*TASK DETAILS*: All that is wanted is the exact text of the lines below from the one with "In this guide, you" through the one with "Da 48 ore i", inclusive, minus any pictures.
BEGIN SOURCE DATA
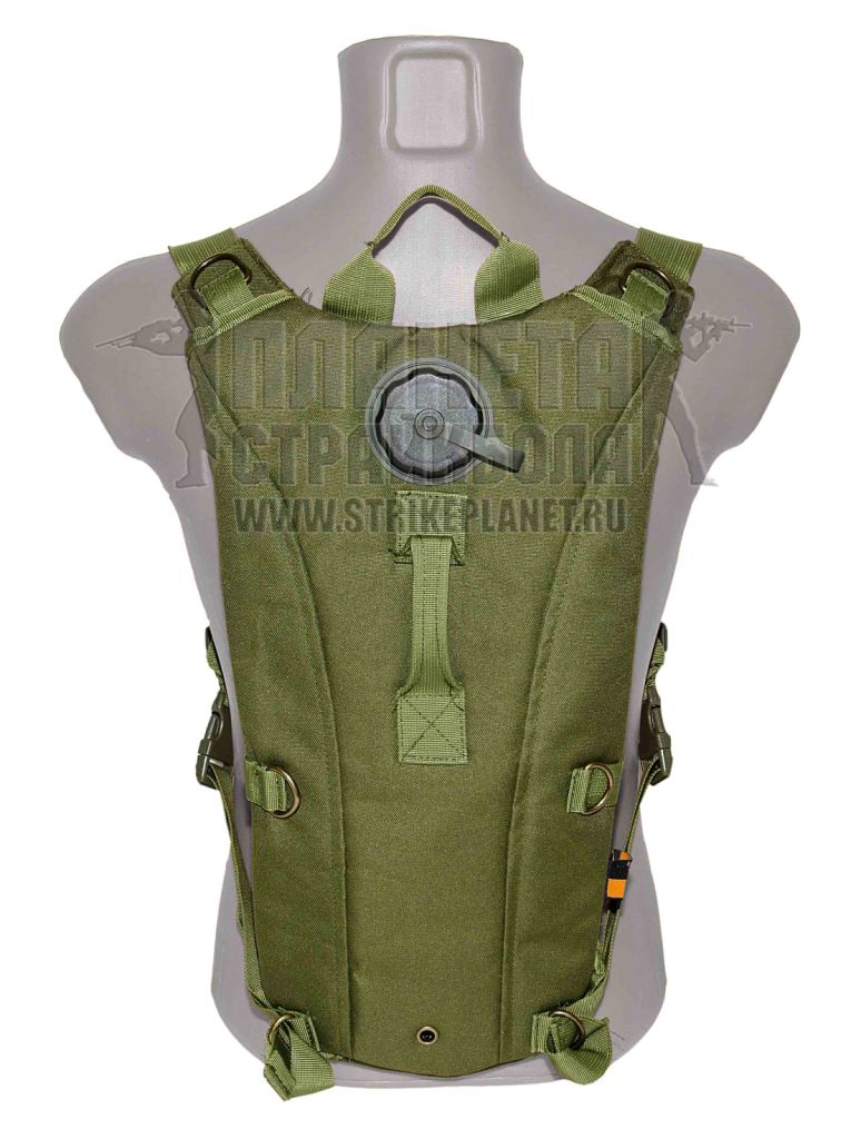 Данная питьевая система включает в себя специальный ранец для переноски и собственно сам гидратор (гидропак) – емкость для воды, рассчитанную на 3 литра. Ранец гидратора изготовлен из прочной ткани, устойчивой к истиранию и повреждениям. Слой ткани достаточно толстый для защиты уязвимого гидропака от повреждений. Плечевые лямки ранца имеют регулировку по длине, что позволяет подогнать его под людей разных габаритов, а длины лямок достаточно, чтобы носить гидратор поверх надетого бронежилета и разгрузочного жилета. Лямки имеют застежки фастексы, так что при необходимости ранец может быть быстро сброшен. Если отстегнуть их. Между собой плечевые лямки стягиваются грудным ремнем, который также застегивается на фастекс и имеет регулировку по длине. Ремень обеспечивает плотное прилегание ранца к телу, исключая его соскальзывание при активных передвижениях. На лямках и на самом ранце нашиты металлические D-кольца. Сегментированная спинка ранца с подкладом, повышает комфорт при ношении гидратора. С внешней стороны на ранец нашиты вертикальная и горизонтальная ручки для переноски. В нижней части ранца имеется металлическое отверстие – люверс, для слива попавшей внутрь воды.
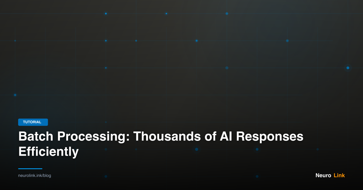 In this guide, you will process thousands of AI requests efficiently using NeuroLink’s batch processing patterns. You will implement concurrency-controlled batch execution, progress tracking, error recovery with checkpointing, and cost-optimized model selection for high-volume workloads.
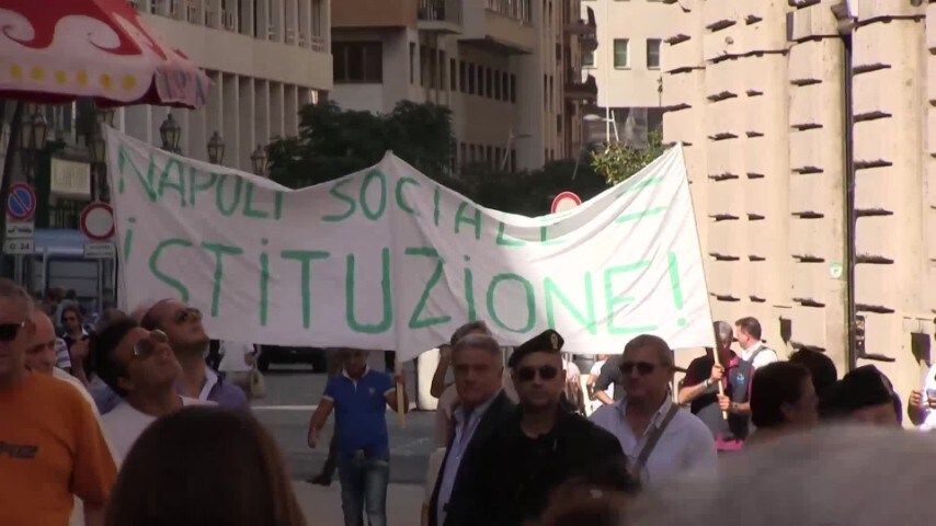 Da 48 ore i lavoratori di Napoli Sociale presidiano l'entrata del palazzo di via Verdi per protestare contro l'ipotesi di trasformazione della società partecipata in fondazione.
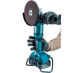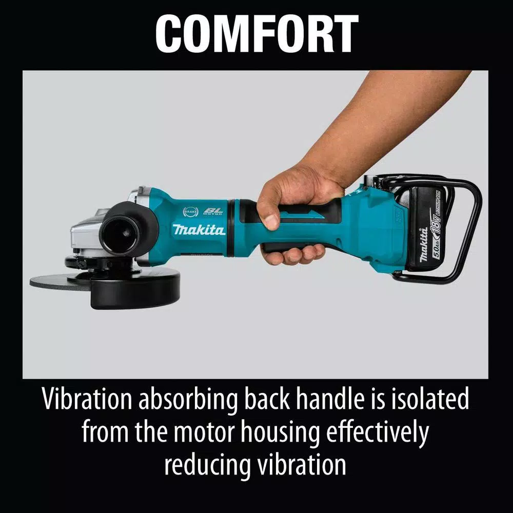 Makita, a pioneer in brushless motor technology and battery innovation, combines both in the 18V X2 (36V) LXT Lithium-Ion Brushless 7″ Paddle Switch/Angle Grinder with Electric Brake. It’s powered by two 18V Lithium-Ion batteries for 36V power and performance, and has an electronically-controlled BL Brushless motor that matches torque and RPM to the application. Makita 18V X2 means freedom from the cord, even for demanding applications like grinding and cut-off applications that often call for a corded grinder. Best of all, users can remain in one battery platform, using the same fast-charging 18V batteries on the XAG12PT as they use across the Makita 18V LXT cordless tool system. The XAG12PT is equipped with efficiency features for maximum performance. The electric brake stops the grinding or cut-off wheel in 4.5 second or less for maximum productivity, and the Electronic Torque Control turns the motor off if rotation speed suddenly slows or the wheel is forced to a stop. For consistent performance, Automatic Speed Change technology adjust speed and torque during operation. For added comfort the vibration absorbing back handle is isolated from the motor housing for reduced vibration, and the soft start feature suppresses start-up reaction for smoother start-ups and longer gear life. This Promotion also comes with a bonus 741421-B-10 9″ x 7/8″ x 1/4″ Grinding Wheel, 24 Grit, General Purpose Metal, 10/pk.
END SOURCE DATA
*EXERCISE OUTPUT*:
 In this guide, you will process thousands of AI requests efficiently using NeuroLink’s batch processing patterns. You will implement concurrency-controlled batch execution, progress tracking, error recovery with checkpointing, and cost-optimized model selection for high-volume workloads.
 Da 48 ore i lavoratori di Napoli Sociale presidiano l'entrata del palazzo di via Verdi per protestare contro l'ipotesi di trasformazione della società partecipata in fondazione.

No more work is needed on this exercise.